_What you are asked to do_
Restate all the lines below word for word, but omit the pictures.

_Given material_
----

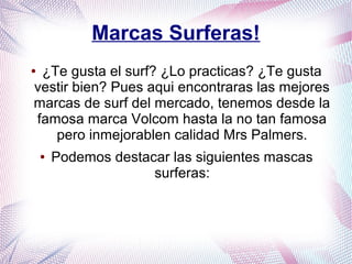 Este documento presenta varias marcas populares de ropa y equipamiento para surfistas, incluyendo DC Shoes, Volcom, y Roxy. Resalta que DC Shoes se especializa en calzado y ropa para deportes extremos como el surf y el skate, mientras que Volcom y Roxy son marcas californianas enfocadas en la moda y cultura del surf y el skate. El documento también proporciona breves historias sobre el origen y adquisiciones de cada marca.
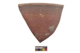 | Description / विवरण | Specimen of black on red ware with black decorative Concentric lines geometric painting. |
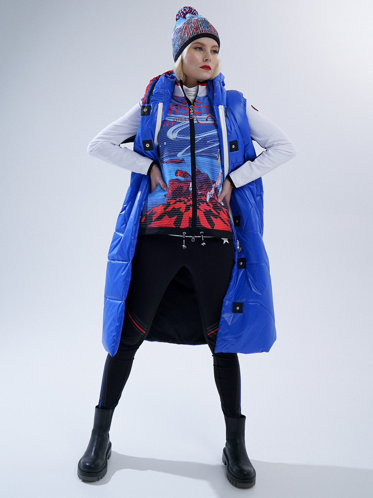 Удлиненный стеганый жилет ярко-синего цвета – теплый и стильный элемент аутфита. Подойдет для образов в спортивном или повседневном стиле, а также для образов спорт-шик. Застежка на контрастную молнию и клепки. Объемный капюшон защищает от ветра.
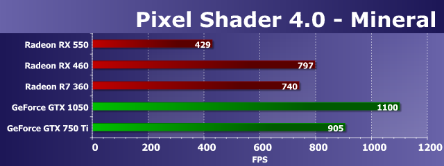 Более сложный режим не особенно изменил соотношение сил в нашем сравнении, разве что младшая GeForce провалилась сильно. Графические решения AMD Radeon и в этом D3D10-тесте пиксельных шейдеров всегда работали эффективнее конкурирующих плат GeForce, но модели от Nvidia, основанные на архитектуре Pascal, догнали своих соперников. Напоминаем, что в нашем сравнении нет решений с равным ценовым позиционированием, и именно поэтому сегодняшняя героиня, младшая в семействе Radeon RX 500, показала результат явно хуже всех остальных GPU, кроме GeForce GTX 750 Ti, которую она почти догнала в самом тяжелом режиме.

----

_Answer to this problem_
 Este documento presenta varias marcas populares de ropa y equipamiento para surfistas, incluyendo DC Shoes, Volcom, y Roxy. Resalta que DC Shoes se especializa en calzado y ropa para deportes extremos como el surf y el skate, mientras que Volcom y Roxy son marcas californianas enfocadas en la moda y cultura del surf y el skate. El documento también proporciona breves historias sobre el origen y adquisiciones de cada marca.
 | Description / विवरण | Specimen of black on red ware with black decorative Concentric lines geometric painting. |
 Удлиненный стеганый жилет ярко-синего цвета – теплый и стильный элемент аутфита. Подойдет для образов в спортивном или повседневном стиле, а также для образов спорт-шик. Застежка на контрастную молнию и клепки. Объемный капюшон защищает от ветра.
 Более сложный режим не особенно изменил соотношение сил в нашем сравнении, разве что младшая GeForce провалилась сильно. Графические решения AMD Radeon и в этом D3D10-тесте пиксельных шейдеров всегда работали эффективнее конкурирующих плат GeForce, но модели от Nvidia, основанные на архитектуре Pascal, догнали своих соперников. Напоминаем, что в нашем сравнении нет решений с равным ценовым позиционированием, и именно поэтому сегодняшняя героиня, младшая в семействе Radeon RX 500, показала результат явно хуже всех остальных GPU, кроме GeForce GTX 750 Ti, которую она почти догнала в самом тяжелом режиме.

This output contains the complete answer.